Sunday, March 11, 2012

Burn, Baby, Burn

This is what I plan on looking like while I work out.

  It has occurred to me that I can’t get back my pre-baby body by sitting on my behind. It seems, sigh, I must actually get off my ass in order to do something about my ass. Thus, I have begun a workout regimen via YouTube. I found an AWESOME channel. It’s called FitnessBlender. There are tons of videos to choose from. I have done the Brazilian buttocks workout and am really feeling (not seeing, yet) the effects.


  I really like the idea of being able to work out in the privacy of my own home. There is nothing more humiliating than going to the gym out of shape and having an audience. While I'm sure there isn't actually an audience because people are there to get there badunks from flab to fab as well, I still can't help but think all eyes are on me.  More importantly, I can cry from "the burn" without people pointing and laughing. Even MORE importantly, I can do these workouts in between Asher's naps. Nothing like a productive nap time!
  
  I decided to post about this because I feel like I need to be held accountable for my decision to get into shape. I am a habitual say-I’m-gonna kind of person. My follow through in the past has been for shit, but I feel like I’ve started a new chapter of my life. I had a baby. He killed my body (and my tailbone). I must get it back and better than it was before.
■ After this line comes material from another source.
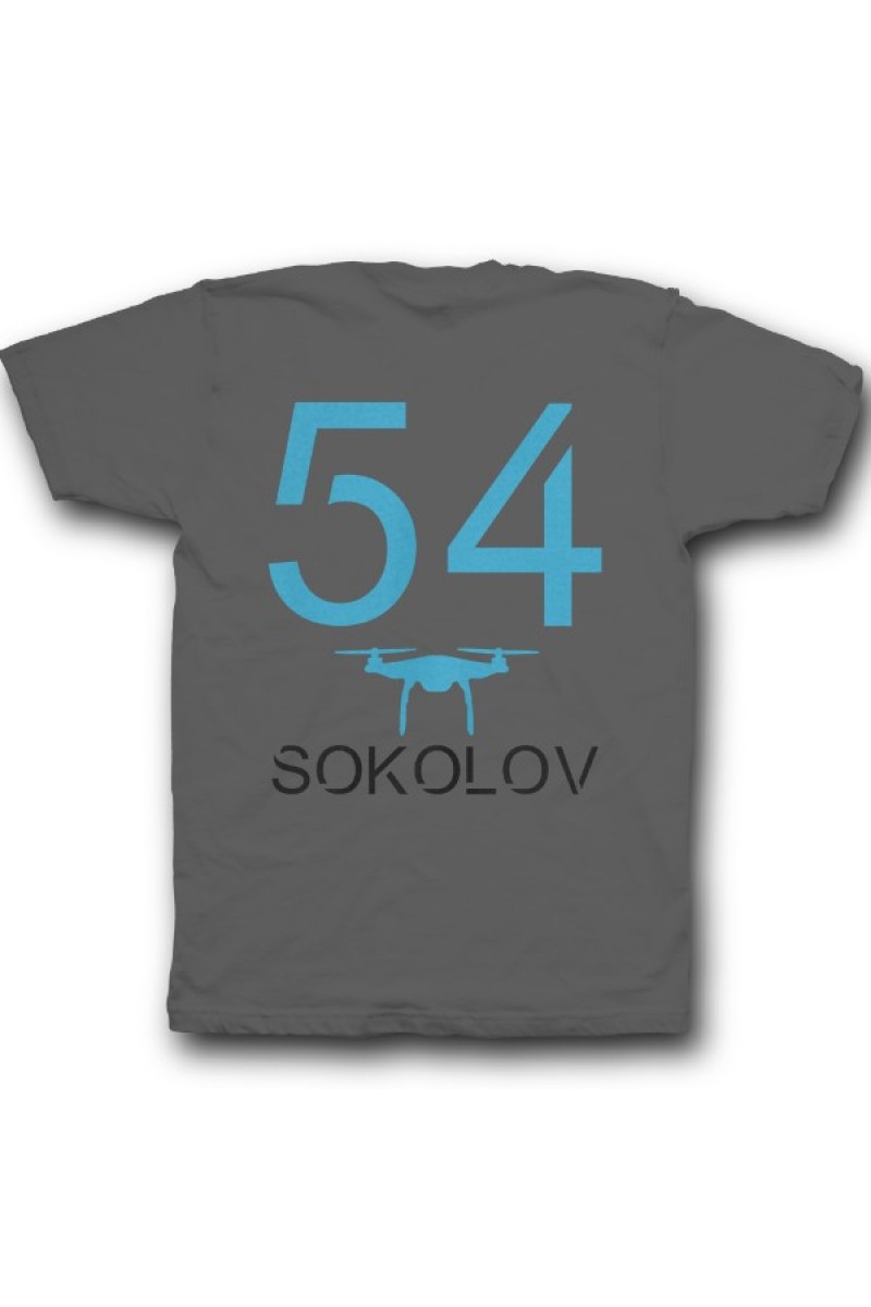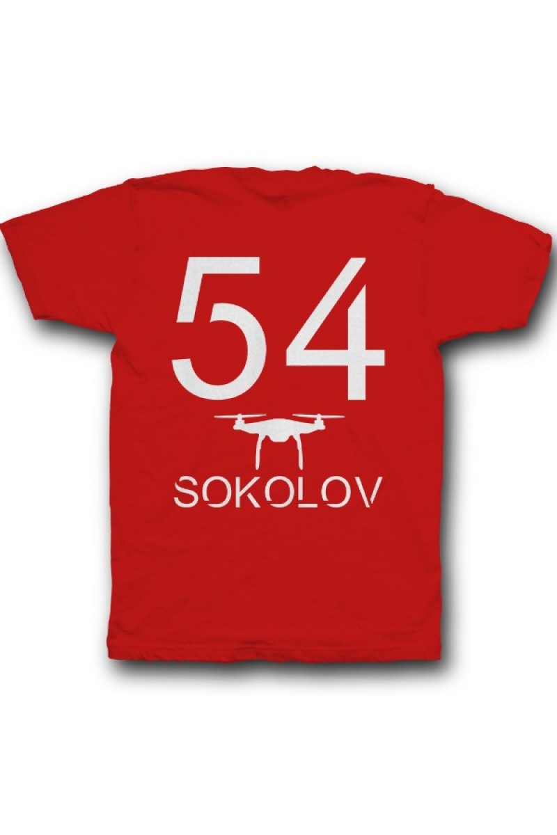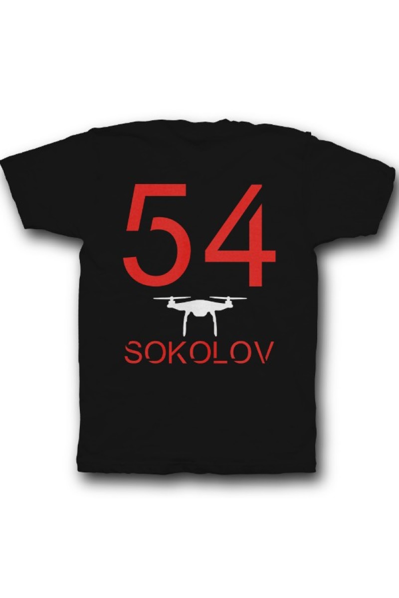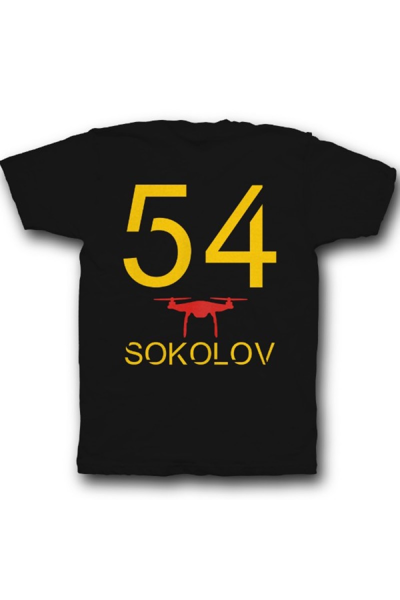 Прикольная именная футболка с футуристичным шрифтом. Помимо надписи на футболке есть изображение дрона.
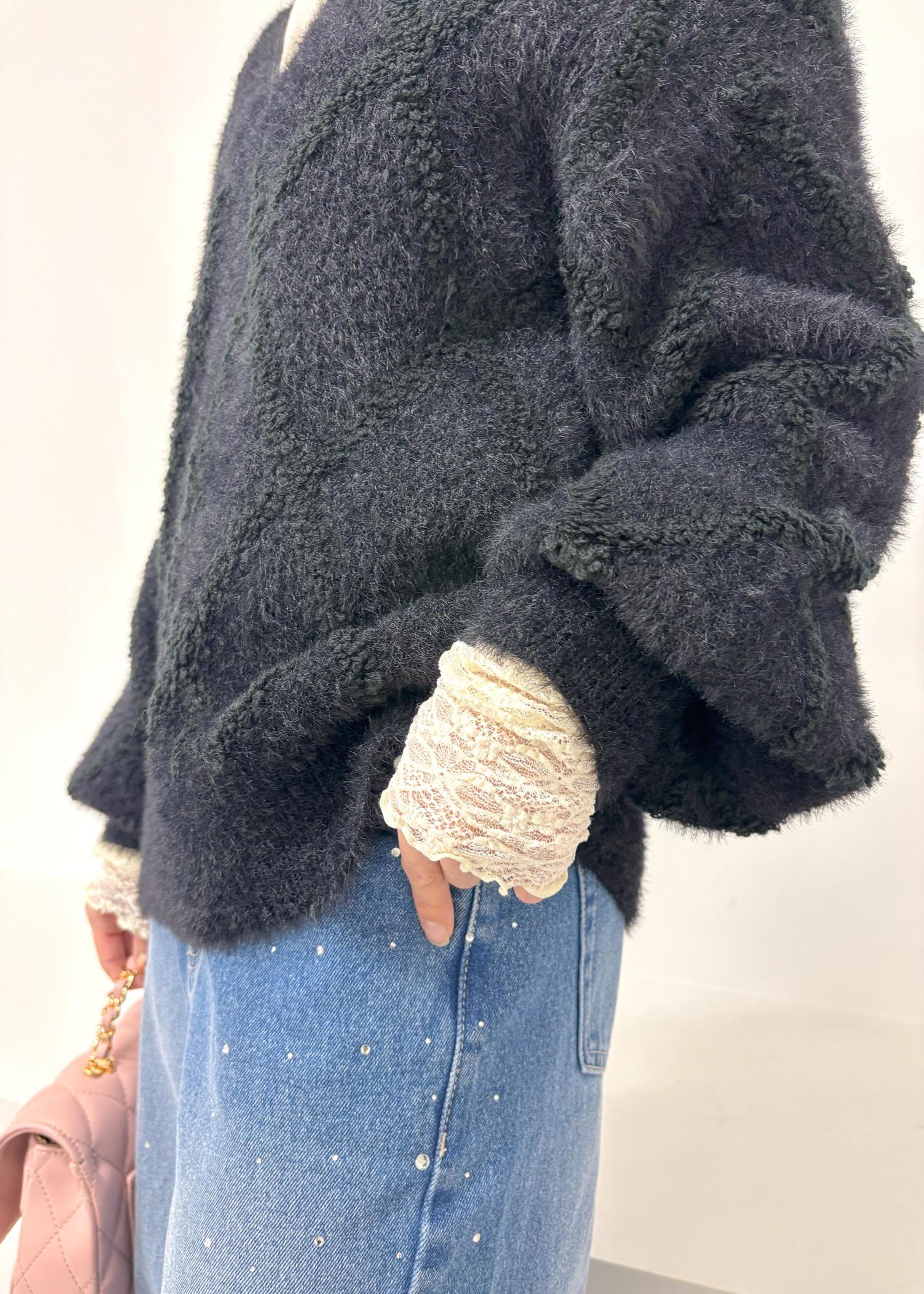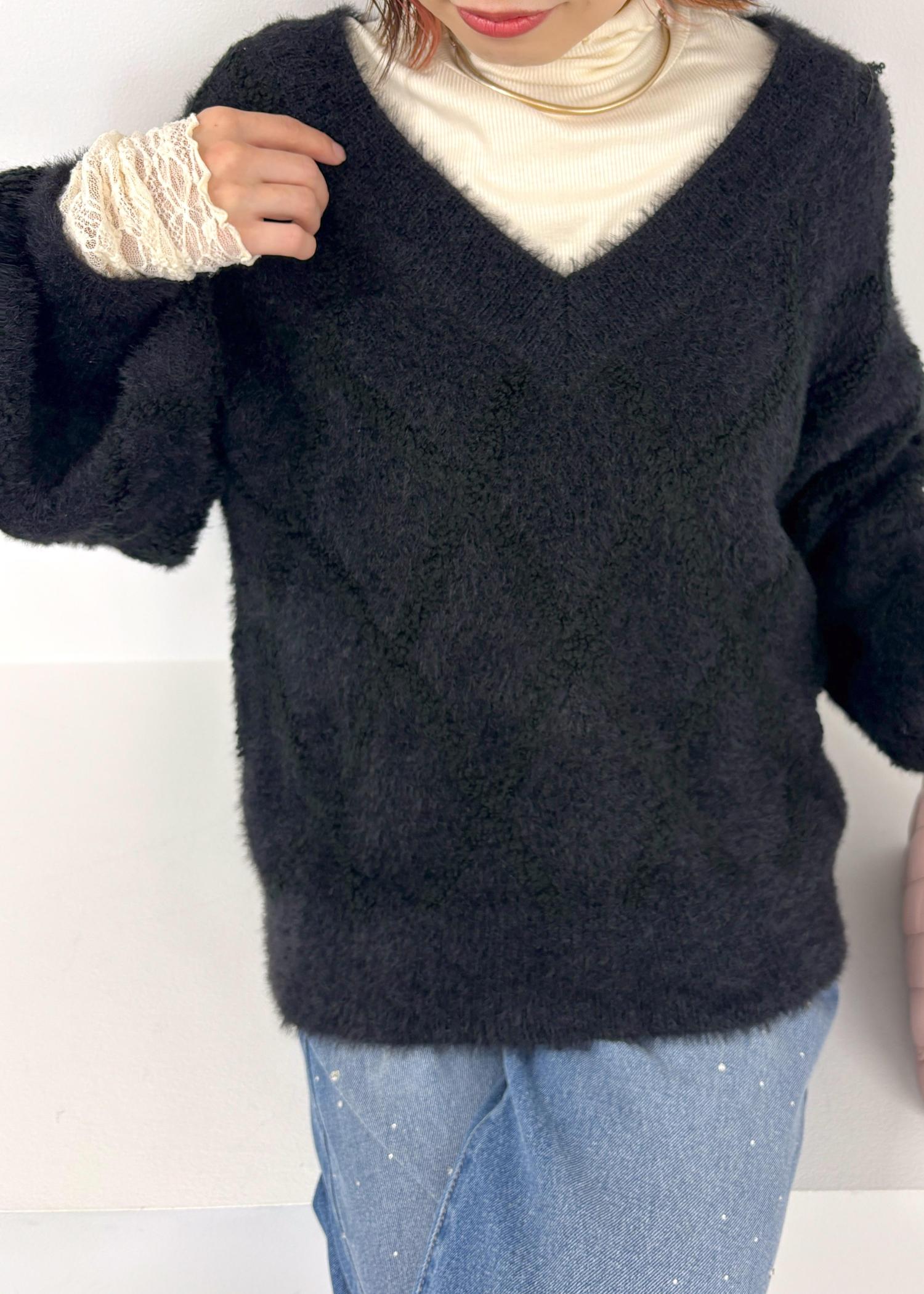 VISアーガイルフェザーニット/2WAY・イージーケアブラック / F¥6,589レビュー緩やかVネックがスッキリ見えするニット♪さりげないアーガイル柄が今年らしく、大人可愛いデザイン。チクチク感を感じにくい素材で着やすい◎お袖のぽわんとしたフォルムも女性らしい印象。全体的にゆったりめ、着丈は腰が隠れる長さでした。

  You may be wondering what lit a fire under my (not as perky as it used to be) ass. Well, I went shopping for some jeans. This journey to find jeans to fit my in-between-sizes body nearly had me in tears because while I’m close to my pre-baby weight, my body is FAR from its original shape. That’s because I have lost muscle tone and replaced it with chunk (sounds nicer than fat). You can imagine the deflation of my pride. I felt like crap inside that stupid dressing room staring at myself in that evil mirror.

  After ten tries and probably three sizes, I couldn’t get a single pair over my ass. My ego’s chunky derriere had been kicked, and it was time for change, dammit.

  So, it begins. My road to a rockin’ Mom bod!